Pain the type that EDSer's live with everyday at no point could be described as a privilege or a badge of honour. I would also beg to differ on Arnie’s description of pain not being a curse. Pain on the levels I and many others deal with on a daily basis is a curse. It stops normal life in its tracks. It causes bad temperedness, anger, loneliness, vulnerability and sometimes a sense of hopelessness. How do you describe to someone who has never suffered the levels of pain you endure that you can not look to the future because you do not have the energy to cope with this level of pain for the rest of your life. It’s not depression (although it is incredibly common in people who suffer from chronic pain) it’s a reality. When you have used every last ounce of your strength to fight to the end of another day, who could blame you for questioning if you could do this for another 40 years or more?

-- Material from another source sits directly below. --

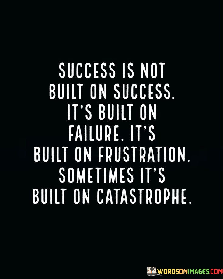 The statement "Success Is Not Built On Success; It's Built on Catastrophe" suggests that success often emerges from overcoming challenges and setbacks, rather than from a string of continuous successes.

Pain from exercise is short-lived and self-inflicted. If you only train a couple of days a week you would have more pain-free days than those that you suffer the normal aches from exercise. If you stop exercising altogether (I am not advocating this as exercise is good for you) or adjusted your routine so you weren’t exercising quite so vigorously you wouldn’t suffer the pain that Arnie describes.

The person that posted this on social media would have been referring to his own fitness routine and not about the pain that someone suffers with when they have a chronic condition. Maybe I have become too over sensitive to things or perhaps it is because I see things differently. Obviously the impact of this was worse because I had no clue that this was someone else’s quote, so I didn’t know the context of it. It is a prime example of why author attribution is not just important to understand the context but also to give credit for the work otherwise it is just plain plagiarism.

******************************************************************************************

Trike Update
On Sunday our friend came over to look at the Trike and the Wheelchair. He has resolved the issues with the handlebars and brakes. It felt a million times better after he had fixed the issues. I wasn’t feeling such intense pressure in my back when trying to steer it anymore.

On Monday the new battery came so on Tuesday I was able to have another little go on it. What a difference the new battery made, so much more power. I am a lot more confident now and no longer need Jay running alongside me to keep me calm. He also had a go on it and was freaked out with how fast it could go.

So my first outing with the dogs is planned for Sunday. This will be the first time since 2008 I have been able to join them. I am very excited. I hope I sleep Sunday night. I will be going out whilst it is still dark so we may not be able to take picture. I do have lights for the Trike so I am hoping that they serve me well. Watch this space!